Applying AI in healthcare, where the margin for error approaches zero, is among the most demanding challenges across any sector, given the regulatory intensity, the conservatism of buyers, and the requirement for clinical evidence. Scaling the sector requires three structural steps: national data infrastructures that enable safe and standardized access to quality clinical data; reimbursement frameworks that accelerate the integration of AI-based products into insurance systems; and the expansion of joint approval processes between authorities such as the FDA and EMA. For startups, the real bottleneck is not building a good product. It is feeding it with data, proving it works, and getting it in front of doctors and patients.

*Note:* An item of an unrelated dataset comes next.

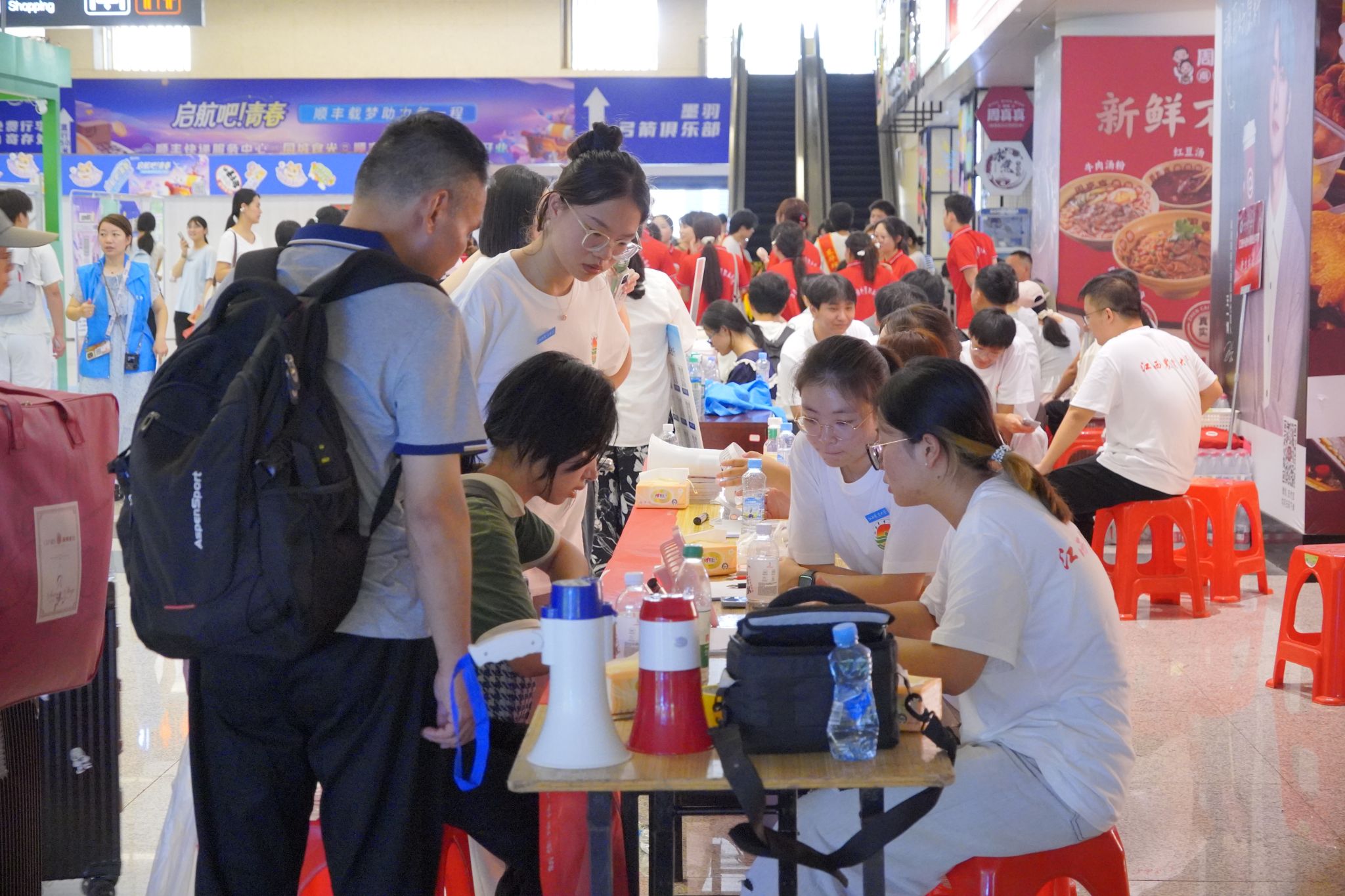 为切实解决新生及家长初到陌生城市的交通困扰,华体会平台(中国)重点在南昌西站、南昌站、蛟桥地铁站等客流量大的交通枢纽,设立标准化迎新接驳点。每个接驳点均配备15-20名专属志愿者,他们自清晨6点起便到岗就绪,身着统一标识服装,手持“华体会平台迎新指引”牌,在车站出口、地铁口等显眼位置主动迎候新生——看到携带行李的新生及家长,便第一时间上前问询,协助搬运行李;面对 “报到流程怎么走”“大巴多久一班”“校园宿舍条件如何”等高频问题,志愿者们结合提前培训的内容,耐心细致地逐一解答,用清晰的讲解缓解新生及家长的焦虑。针对自驾前来报到的新生家庭,华体会平台(中国)同样做好周全保障:在校园周边主要路口、高速出口等交通节点,不仅设置了清晰醒目的迎新引导标识,更增派志愿者驻守指引——他们顶着烈日,手持指挥旗,协助疏导过往车辆,引导自驾车辆有序驶入校园指定停车区域,有效避免校园入口及周边道路拥堵,用志愿力量打通新生入校的“最后一公里”。
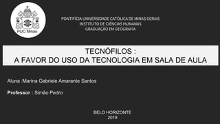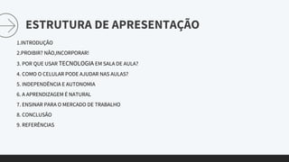 Este documento defende o uso da tecnologia em sala de aula, especificamente o celular. Afirma que proibir seu uso faz os alunos se sentirem presos e que as escolas deveriam incorporá-lo como recurso de ensino. Argumenta que o celular permite pesquisas, criação de conteúdo e projetos colaborativos, além de gerar independência e autonomia dos alunos. Conclui que a escola deve preparar os estudantes para o mercado de trabalho, que busca por habilidades como comunicação, pesquisa e uso

Perhaps the strongest signal of all: hospitals, among the most conservative institutions on earth, are now signing five-year exclusive agreements with AI companies. Healthcare is, in the simplest terms, the world's largest sector and the one that has preserved its inefficiency the longest. As long as those two facts coexist, there is no obvious reason for the opportunity to run dry. At Boğaziçi Ventures, we believe this transformation will only accelerate, and that AI in healthcare will produce one of the most enduring breakthroughs of the next decade.